Unanimity does not function at all unless the term consent is equivocated; a more
feasible interpretation of unanimity as tacit consent would contain in its concept a right
to withdraw consent. What would count effectively as withdrawal of tacit consent?
As conditions of tacit consent are inexplicit, it obfuscates criteria for both licit and
illicit withdrawal, obligation, and transgression. Society, being an infi nitely detailed
and immemorial process of myriad and incessant efforts at balance and correction,
complication defies any rational prediction of the ramifications of any alteration.

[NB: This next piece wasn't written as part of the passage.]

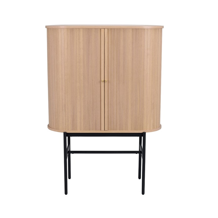 De Haddinton opbergkast van Rowico Home is een grote houten kast met schuifdeuren. Deze trendy kast zorgt voor een fijne sfeer en extra opbergruimte in huis. De opbergkast staat op hoge zwarte poten die zijn gemaakt van gepoedercoat metaal. De kast is gemaakt van hout met een laag eiken fineer in whitewash kleur. Binnenin de kast zitten 3 planken om spullen op te zetten, maar ook bovenop de kast kan je leuke accessoires, een lamp of mooie plant neerzetten. De kast is ontworpen met twee schuifdeuren, die zijn voorzien van messingkleurige deurknoppen. Combineer deze opbergkast met het Haddington bureau en dressoir voor eenheid in je interieur. Voordelen

Even the most rationally deliberated social alteration generates unforeseen changes to
the social substance. The "social substance" is the millennial sedimentation of those
alterations by which society normally and for the most part has managed to survive,
while grand initiatives may be pernicious to social dimensions that have not even come
into consideration (Burke). A utilitarian procedure of accurately matching very small
social mutations to very small legal alterations preserves an opaque social body that
provides security. A social alteration motivated by a political ideal, but not well tailored
to a specific problem, may result in cataclysm; an apparently progressive alteration
may overlook society's degree of dependence on centuries of adjustment by trial and
error. Incremental rather than radical change protects the legacy of social stability by
tiny adjustment to emergent conditions (Godwin).